DIRECTIONS FOR THIS TASK: Return the following from the records below: each line, word for word, starting with the line that contains "Precious materials and" and going on through the line that contains "在班奈村五组赵学中家里,张龙", with nothing outside that range.

Items from a data source:
====
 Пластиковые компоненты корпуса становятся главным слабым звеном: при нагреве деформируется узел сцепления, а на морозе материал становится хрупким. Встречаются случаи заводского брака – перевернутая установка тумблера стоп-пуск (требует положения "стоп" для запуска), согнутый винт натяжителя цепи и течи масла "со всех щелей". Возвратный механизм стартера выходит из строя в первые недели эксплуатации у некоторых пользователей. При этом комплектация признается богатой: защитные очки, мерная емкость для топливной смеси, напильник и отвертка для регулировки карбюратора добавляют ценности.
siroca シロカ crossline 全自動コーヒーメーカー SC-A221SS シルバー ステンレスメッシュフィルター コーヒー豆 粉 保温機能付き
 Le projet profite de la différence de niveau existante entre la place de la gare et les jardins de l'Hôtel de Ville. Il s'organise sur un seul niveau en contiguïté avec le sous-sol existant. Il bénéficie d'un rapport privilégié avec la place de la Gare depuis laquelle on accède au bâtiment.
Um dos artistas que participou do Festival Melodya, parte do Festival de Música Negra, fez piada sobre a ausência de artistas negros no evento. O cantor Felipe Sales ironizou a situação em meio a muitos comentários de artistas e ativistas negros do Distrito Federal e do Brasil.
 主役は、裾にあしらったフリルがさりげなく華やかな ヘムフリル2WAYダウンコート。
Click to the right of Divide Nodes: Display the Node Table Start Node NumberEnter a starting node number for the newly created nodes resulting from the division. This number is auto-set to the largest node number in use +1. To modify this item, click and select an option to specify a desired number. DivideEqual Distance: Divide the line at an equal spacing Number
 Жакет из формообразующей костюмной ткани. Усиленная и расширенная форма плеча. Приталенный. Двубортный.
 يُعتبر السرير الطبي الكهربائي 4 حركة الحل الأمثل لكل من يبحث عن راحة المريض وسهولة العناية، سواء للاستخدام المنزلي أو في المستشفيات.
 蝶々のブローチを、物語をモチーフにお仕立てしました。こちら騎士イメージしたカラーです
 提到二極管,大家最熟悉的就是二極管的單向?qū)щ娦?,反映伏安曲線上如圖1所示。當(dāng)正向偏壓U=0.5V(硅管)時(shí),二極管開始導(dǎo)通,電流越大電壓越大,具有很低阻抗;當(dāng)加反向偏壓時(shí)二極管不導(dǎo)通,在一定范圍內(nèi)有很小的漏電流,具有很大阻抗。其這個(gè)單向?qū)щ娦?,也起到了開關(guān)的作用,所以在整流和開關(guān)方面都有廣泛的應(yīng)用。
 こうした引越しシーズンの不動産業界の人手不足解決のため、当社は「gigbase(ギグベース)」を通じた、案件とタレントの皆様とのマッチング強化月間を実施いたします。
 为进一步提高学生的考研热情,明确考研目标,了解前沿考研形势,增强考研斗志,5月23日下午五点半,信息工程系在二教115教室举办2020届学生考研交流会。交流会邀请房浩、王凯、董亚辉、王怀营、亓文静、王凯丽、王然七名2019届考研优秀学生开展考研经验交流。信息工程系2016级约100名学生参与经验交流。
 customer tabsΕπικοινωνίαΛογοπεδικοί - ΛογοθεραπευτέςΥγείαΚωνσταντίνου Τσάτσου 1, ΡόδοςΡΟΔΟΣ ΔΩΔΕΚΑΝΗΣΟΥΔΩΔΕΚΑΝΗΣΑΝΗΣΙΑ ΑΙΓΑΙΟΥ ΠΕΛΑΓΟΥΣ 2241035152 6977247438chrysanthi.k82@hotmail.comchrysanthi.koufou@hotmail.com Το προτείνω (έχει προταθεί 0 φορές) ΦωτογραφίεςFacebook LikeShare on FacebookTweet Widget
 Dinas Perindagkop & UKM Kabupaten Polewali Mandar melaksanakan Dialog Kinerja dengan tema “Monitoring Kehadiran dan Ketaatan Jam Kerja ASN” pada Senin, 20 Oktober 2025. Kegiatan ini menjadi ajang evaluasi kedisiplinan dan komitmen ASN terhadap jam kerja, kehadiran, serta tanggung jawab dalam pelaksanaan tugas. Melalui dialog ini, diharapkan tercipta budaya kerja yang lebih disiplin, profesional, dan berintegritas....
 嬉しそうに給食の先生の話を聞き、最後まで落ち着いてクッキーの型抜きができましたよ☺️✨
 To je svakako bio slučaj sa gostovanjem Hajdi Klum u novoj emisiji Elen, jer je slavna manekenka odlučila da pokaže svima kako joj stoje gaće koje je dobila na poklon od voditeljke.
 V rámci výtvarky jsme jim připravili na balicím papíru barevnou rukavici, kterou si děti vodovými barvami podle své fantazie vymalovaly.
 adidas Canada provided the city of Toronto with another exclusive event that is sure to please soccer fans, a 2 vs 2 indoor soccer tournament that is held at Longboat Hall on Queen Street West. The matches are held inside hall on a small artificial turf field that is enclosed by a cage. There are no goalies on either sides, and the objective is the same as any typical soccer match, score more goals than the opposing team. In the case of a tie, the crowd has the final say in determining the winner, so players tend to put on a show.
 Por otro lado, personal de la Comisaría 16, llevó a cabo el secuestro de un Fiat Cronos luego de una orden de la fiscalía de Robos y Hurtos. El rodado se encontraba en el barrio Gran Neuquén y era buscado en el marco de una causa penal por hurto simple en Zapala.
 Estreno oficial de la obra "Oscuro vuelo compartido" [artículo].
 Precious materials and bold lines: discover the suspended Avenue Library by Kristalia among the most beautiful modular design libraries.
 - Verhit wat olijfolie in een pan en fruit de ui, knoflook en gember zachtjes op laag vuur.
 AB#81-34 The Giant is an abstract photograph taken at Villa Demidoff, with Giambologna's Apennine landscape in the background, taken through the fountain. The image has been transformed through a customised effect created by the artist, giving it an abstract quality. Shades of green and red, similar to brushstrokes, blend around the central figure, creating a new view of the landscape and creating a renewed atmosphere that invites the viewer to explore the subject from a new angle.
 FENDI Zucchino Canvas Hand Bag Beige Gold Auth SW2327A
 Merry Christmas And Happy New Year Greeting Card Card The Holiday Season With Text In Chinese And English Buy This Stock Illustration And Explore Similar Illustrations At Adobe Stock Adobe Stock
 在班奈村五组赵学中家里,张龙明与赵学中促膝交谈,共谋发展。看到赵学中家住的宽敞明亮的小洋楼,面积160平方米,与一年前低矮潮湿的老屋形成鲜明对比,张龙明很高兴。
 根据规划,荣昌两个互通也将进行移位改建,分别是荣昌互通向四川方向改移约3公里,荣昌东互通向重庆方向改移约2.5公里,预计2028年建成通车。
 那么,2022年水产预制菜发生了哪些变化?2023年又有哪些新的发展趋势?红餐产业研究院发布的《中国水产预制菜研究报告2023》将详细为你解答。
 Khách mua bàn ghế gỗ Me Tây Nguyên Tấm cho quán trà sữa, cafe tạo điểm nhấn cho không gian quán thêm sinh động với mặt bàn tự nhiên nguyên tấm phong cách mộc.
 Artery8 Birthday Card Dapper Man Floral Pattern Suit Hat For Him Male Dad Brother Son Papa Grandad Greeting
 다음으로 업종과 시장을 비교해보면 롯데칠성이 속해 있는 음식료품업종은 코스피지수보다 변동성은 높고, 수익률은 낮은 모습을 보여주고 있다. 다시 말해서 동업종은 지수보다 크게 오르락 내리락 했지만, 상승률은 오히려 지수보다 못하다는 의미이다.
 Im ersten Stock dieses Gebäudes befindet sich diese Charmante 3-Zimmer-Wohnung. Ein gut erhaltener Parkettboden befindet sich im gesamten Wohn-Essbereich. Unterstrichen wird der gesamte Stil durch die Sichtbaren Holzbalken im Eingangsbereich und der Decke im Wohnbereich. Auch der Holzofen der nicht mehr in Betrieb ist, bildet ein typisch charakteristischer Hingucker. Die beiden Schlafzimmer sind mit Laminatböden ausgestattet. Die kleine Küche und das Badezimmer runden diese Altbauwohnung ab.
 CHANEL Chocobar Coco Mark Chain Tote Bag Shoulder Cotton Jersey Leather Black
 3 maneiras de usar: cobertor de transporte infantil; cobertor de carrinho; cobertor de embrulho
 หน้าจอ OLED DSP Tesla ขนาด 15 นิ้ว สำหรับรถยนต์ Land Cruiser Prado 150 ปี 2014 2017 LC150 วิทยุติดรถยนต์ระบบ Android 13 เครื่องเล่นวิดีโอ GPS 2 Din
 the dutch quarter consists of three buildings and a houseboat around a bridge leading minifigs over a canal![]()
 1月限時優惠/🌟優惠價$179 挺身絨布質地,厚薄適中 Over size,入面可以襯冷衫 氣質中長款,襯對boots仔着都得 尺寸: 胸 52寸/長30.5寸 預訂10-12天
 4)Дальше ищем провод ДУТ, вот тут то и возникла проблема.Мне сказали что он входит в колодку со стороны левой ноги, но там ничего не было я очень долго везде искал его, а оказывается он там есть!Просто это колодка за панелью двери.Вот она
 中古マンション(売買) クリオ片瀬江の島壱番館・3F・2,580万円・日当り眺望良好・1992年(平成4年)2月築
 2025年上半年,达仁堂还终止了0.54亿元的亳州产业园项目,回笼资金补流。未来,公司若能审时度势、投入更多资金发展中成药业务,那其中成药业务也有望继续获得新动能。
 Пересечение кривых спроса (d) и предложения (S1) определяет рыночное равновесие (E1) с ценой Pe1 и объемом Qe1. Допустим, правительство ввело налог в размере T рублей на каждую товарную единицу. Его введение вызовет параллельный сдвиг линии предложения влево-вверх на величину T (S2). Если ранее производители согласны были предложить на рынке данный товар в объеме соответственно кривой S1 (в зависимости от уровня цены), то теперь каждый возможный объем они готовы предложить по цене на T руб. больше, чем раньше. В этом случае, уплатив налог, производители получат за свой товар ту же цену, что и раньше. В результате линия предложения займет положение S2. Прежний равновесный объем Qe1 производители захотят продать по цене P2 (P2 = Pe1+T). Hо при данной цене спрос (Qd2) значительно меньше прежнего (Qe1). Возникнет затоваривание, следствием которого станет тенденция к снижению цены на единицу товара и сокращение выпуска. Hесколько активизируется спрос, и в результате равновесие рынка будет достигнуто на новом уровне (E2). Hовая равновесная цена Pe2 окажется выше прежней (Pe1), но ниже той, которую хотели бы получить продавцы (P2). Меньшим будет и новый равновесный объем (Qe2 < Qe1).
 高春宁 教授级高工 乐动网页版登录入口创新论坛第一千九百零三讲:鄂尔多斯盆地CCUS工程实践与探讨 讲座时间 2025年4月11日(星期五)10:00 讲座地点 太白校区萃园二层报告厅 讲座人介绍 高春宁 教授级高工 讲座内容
====
ANSWER SECTION:
 Precious materials and bold lines: discover the suspended Avenue Library by Kristalia among the most beautiful modular design libraries.
 - Verhit wat olijfolie in een pan en fruit de ui, knoflook en gember zachtjes op laag vuur.
 AB#81-34 The Giant is an abstract photograph taken at Villa Demidoff, with Giambologna's Apennine landscape in the background, taken through the fountain. The image has been transformed through a customised effect created by the artist, giving it an abstract quality. Shades of green and red, similar to brushstrokes, blend around the central figure, creating a new view of the landscape and creating a renewed atmosphere that invites the viewer to explore the subject from a new angle.
 FENDI Zucchino Canvas Hand Bag Beige Gold Auth SW2327A
 Merry Christmas And Happy New Year Greeting Card Card The Holiday Season With Text In Chinese And English Buy This Stock Illustration And Explore Similar Illustrations At Adobe Stock Adobe Stock
 在班奈村五组赵学中家里,张龙明与赵学中促膝交谈,共谋发展。看到赵学中家住的宽敞明亮的小洋楼,面积160平方米,与一年前低矮潮湿的老屋形成鲜明对比,张龙明很高兴。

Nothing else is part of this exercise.